As former Political Agent to the Trucial States (and lifelong friend) James Craig noted of Armitage, "...he could at times be undiplomatically forthright. Nor did he easily tolerate those who fell short of his own standards. But despite the occasional asperity he was a deeply kind man, generous, honourable, endearing."

Following his retirement to Somerset, Armitage remained active in promoting Anglo-Arab relations, trade and better understanding, including membership of the Council for the Advancement of Arab-British Understanding, the British-Yemeni Society, the Royal Society for Asian Affairs, the Anglo-Omani Society, and the Sultan of Oman's Armed Forces Association. He served as honorary secretary of the British/Saudi Arabian Parliamentary Group.

== Personal life ==
While serving in Dhofar, in 1956, Armitage married Jennifer Bruford. They had two children, a son and daughter. He was awarded the CBE on his retirement from the Foreign Office in 1978 and, on his 80th birthday, was awarded the Saudi Order of King Abdulaziz, an award rarely granted to non-Saudis.
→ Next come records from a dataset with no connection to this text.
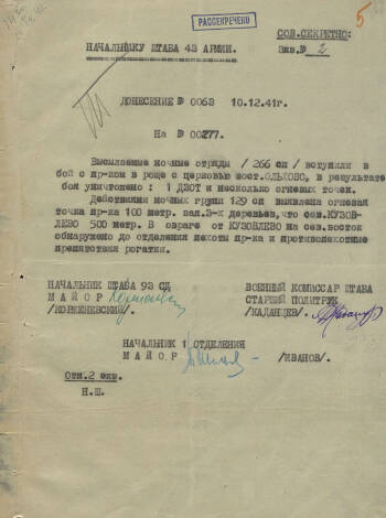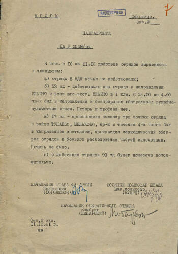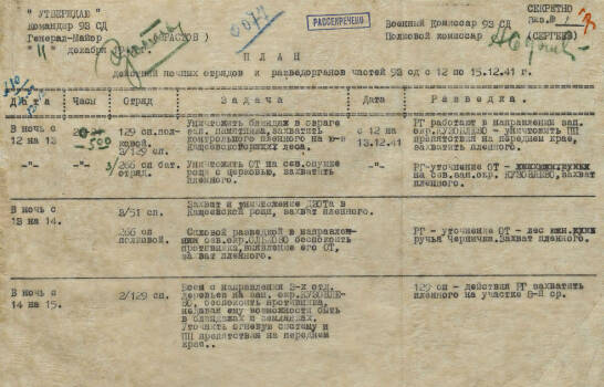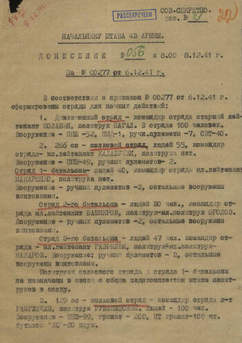 Планы боевых действий отрядов соединений и частей 43 армии в ночное время в декабре 1941 г.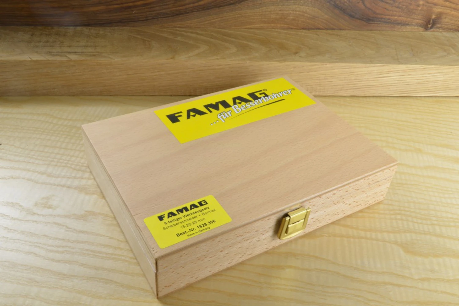 When both hole and plug are cut with FAMAG tooling made to 1/100th of a millimetre accuracy the result is a perfectly (almost invisibly if you match the grain up) plugged hole.For best results use the FAMAG 1616 plug cutter to cut the plugs as close as possible to an edge of the timber with the outside of the cutter protruding from the blank, this allows the swarf to clear with each rotation.Set of 6 pieces in a wooden case containing the following: FAMAG 1616 Plug Cutter 15mm FAMAG 1616 Plug Cutter 20mm FAMAG 1616 Plug Cutter 25mm FAMAG 1622 Bormax Bit 15mm FAMAG 1622 Bormax Bit 20mm FAMAG 1622 Bormax Bit 25mm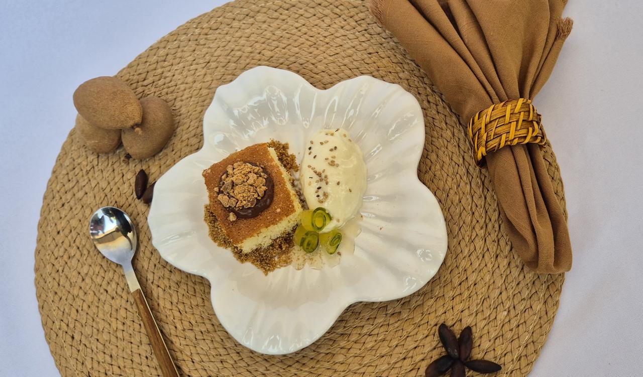 Prato vencedor do Festival Gastronômico é um Pão de ló com brigadeiro de mandioca, sorvete de mandioca e doce de mamão, criado por Mayára Araujo Torres (Foto: Divulgação)
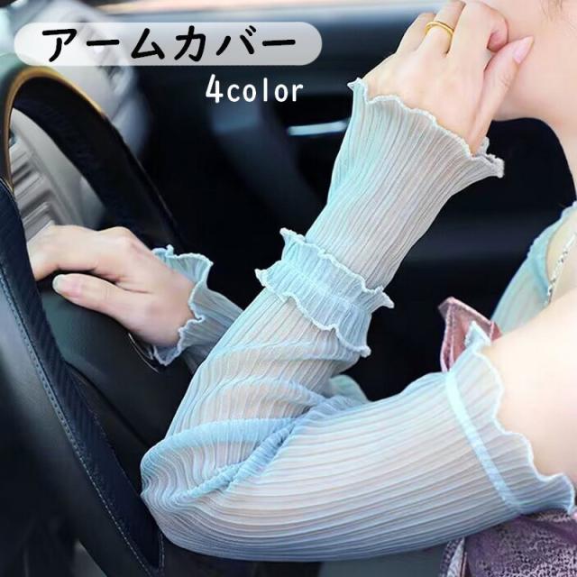 アームカバー 腕カバー レディース 手袋 ロング プリーツ レース 薄手 涼しい UV対策 日焼け防止 フリル チュール 運転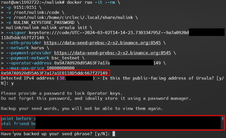 저장 후에 "Have you backed up your seed phrase?" → y 입력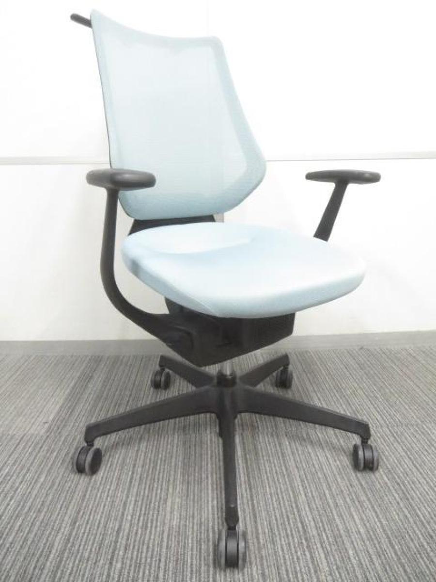 話題のチェア/在宅勤務/希少 コクヨ(KOKUYO)製 イング(ing)チェア 肘付ハイバック バーチカルタイプ ■背メッシュ・座面クッション ■アッシュターコイズ 樹脂脚
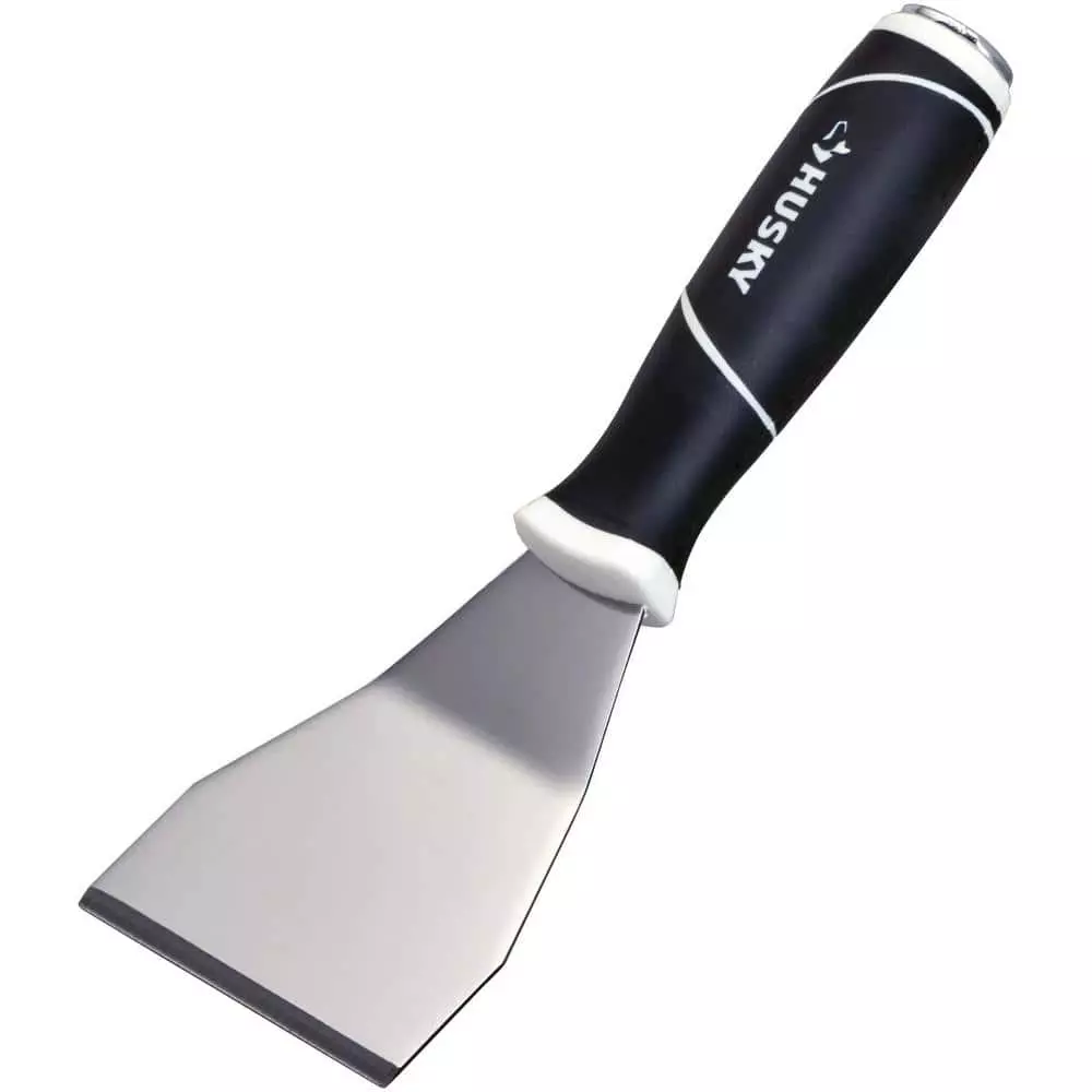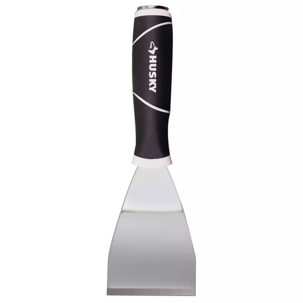 The Husky 3 in. bent scraper features a thick, stainless-steel blade for heavy duty jobs. This scraper has a screw out hammer end and it is extendable with a standard extension pole. Soft grip handle provides comfort in use.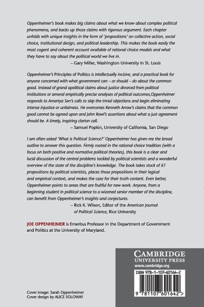 'Oppenheimer's book makes big claims about what we know about complex political phenomena, and backs those claims up with rigorous argument. Each chapter unfolds with unique insights in the form of 'propositions' on collective action, social choice, institutional design, and political leadership. This makes the book easily the most cogent and coherent account available of rational choice models and what they have to say about the political world we live in.' Gary Miller, Washington University, St Louis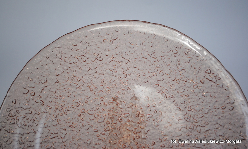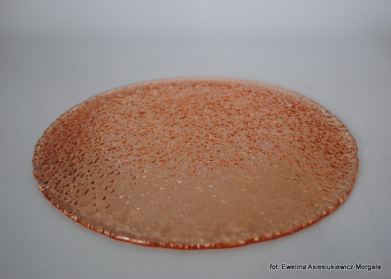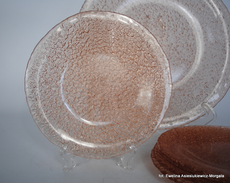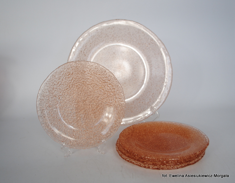 Zestaw do ciasta 5+1, Sahara. HSG Ząbkowice. Szkło sodowe, barwione w masie na łososiowy kolor. Patera oraz 5 talerzyków deserowych.

An amateur scholar and expert on the lives of Middle Eastern Arabists including TE Lawrence and St John Philby, Armitage was a staunch defender of Lawrence's reputation and was one of the organisers of the T E Lawrence Centenary Exhibition at the National Portrait Gallery in 1988.

He was also a contributor to both books about Saudi Arabia and the RUSI Journal. A collection of his lecture papers is held in the UK National Archives and also at the Middle East Centre Archive, St Antony's College, University of Oxford.

Henry St John Basil Armitage died on 19 October 2004.